What you will do: Would you please reproduce all the entries exactly, leaving the pictures out?

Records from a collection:
● ● ● ● ● ● ●
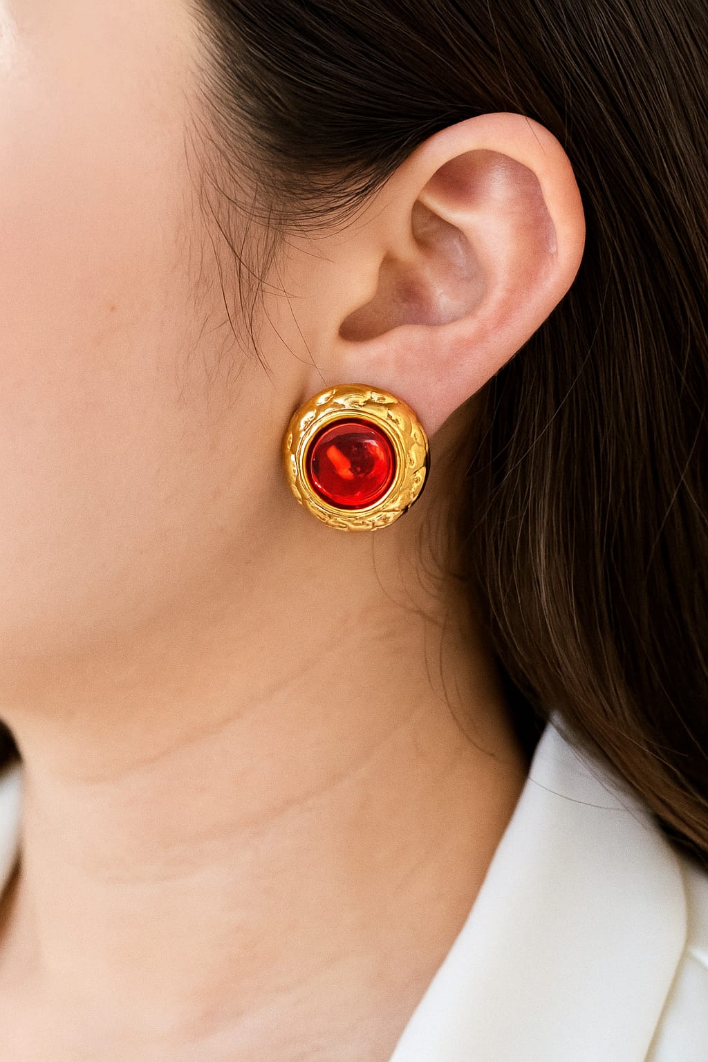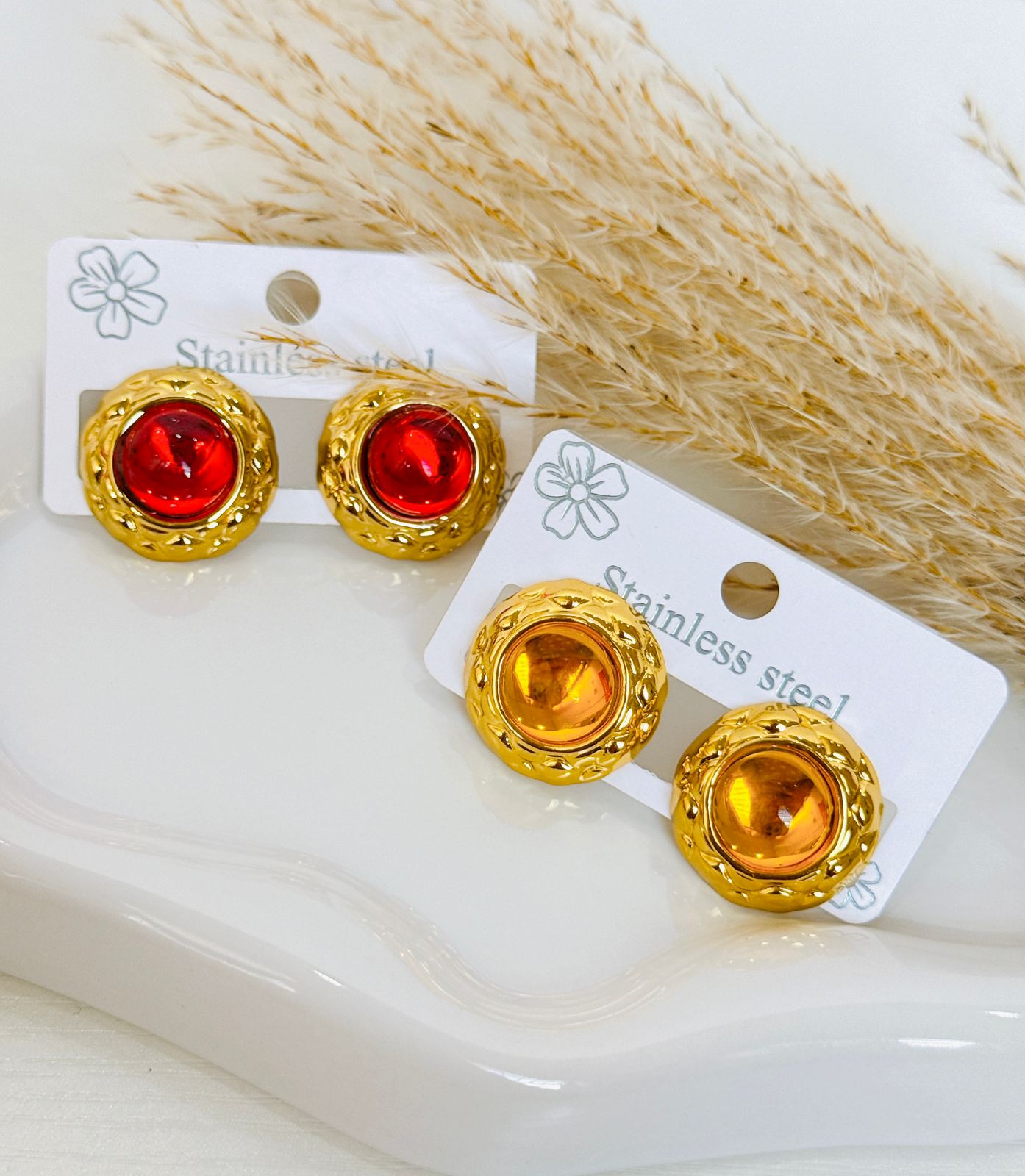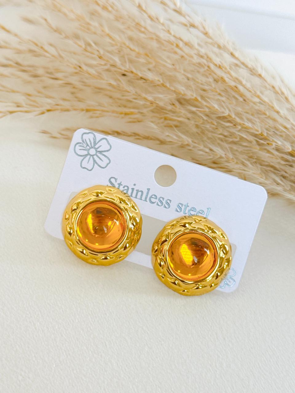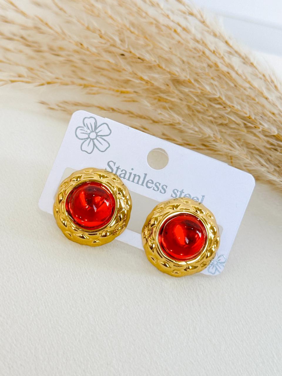 ARETE CIRCULAR CON CRISTAL ROJO O NARANJA
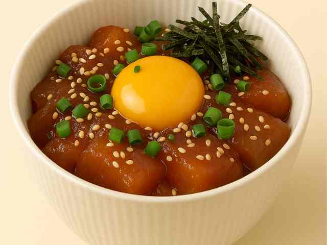 ピリっと甘辛味がやみつき♪ ネギトロユッケ丼。
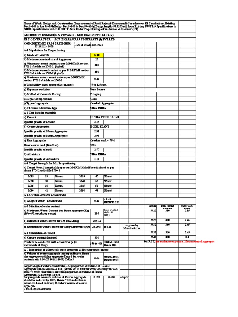 Mix Design Calculations DCIPL M40. PDF Concrete Construction
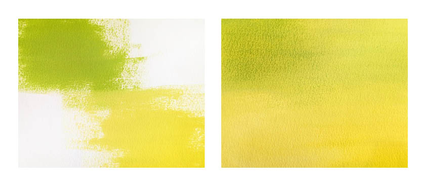 Diese Technik geht auch gut mit zwei Farben. Ist Farbe an eurer Walze übrig, könnt ihr diese mit Wasser besprühen und auf einem separaten Blatt abrollen. Das ergibt einen schönen Aquarelleffekt (rechtes Bild).
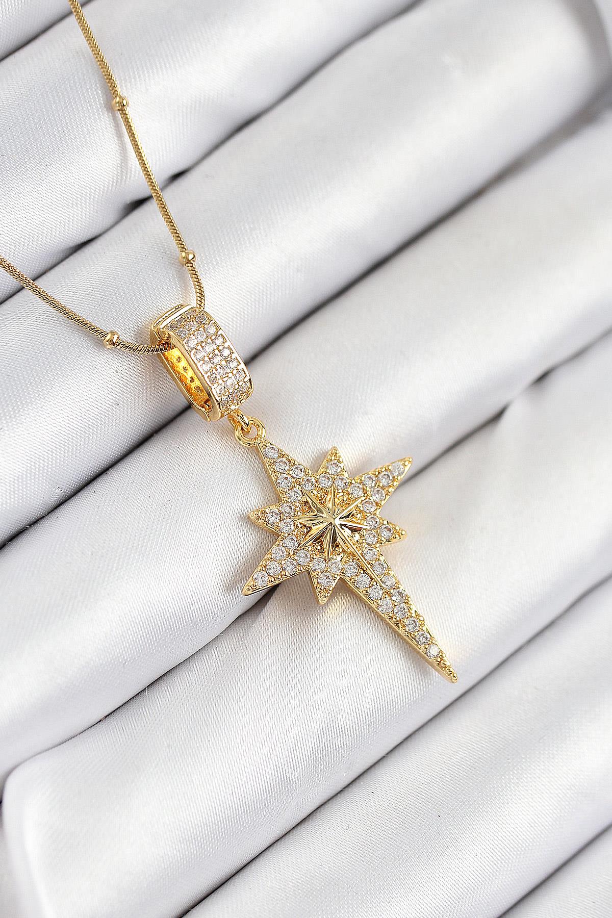 316L Çelik Zirkon Taşlı Kutup Yıldızı Model Gold Renk Kadın Kolye - TJ-BKO10524
● ● ● ● ● ● ●
Task solution:
 ARETE CIRCULAR CON CRISTAL ROJO O NARANJA
 ピリっと甘辛味がやみつき♪ ネギトロユッケ丼。
 Mix Design Calculations DCIPL M40. PDF Concrete Construction
 Diese Technik geht auch gut mit zwei Farben. Ist Farbe an eurer Walze übrig, könnt ihr diese mit Wasser besprühen und auf einem separaten Blatt abrollen. Das ergibt einen schönen Aquarelleffekt (rechtes Bild).
 316L Çelik Zirkon Taşlı Kutup Yıldızı Model Gold Renk Kadın Kolye - TJ-BKO10524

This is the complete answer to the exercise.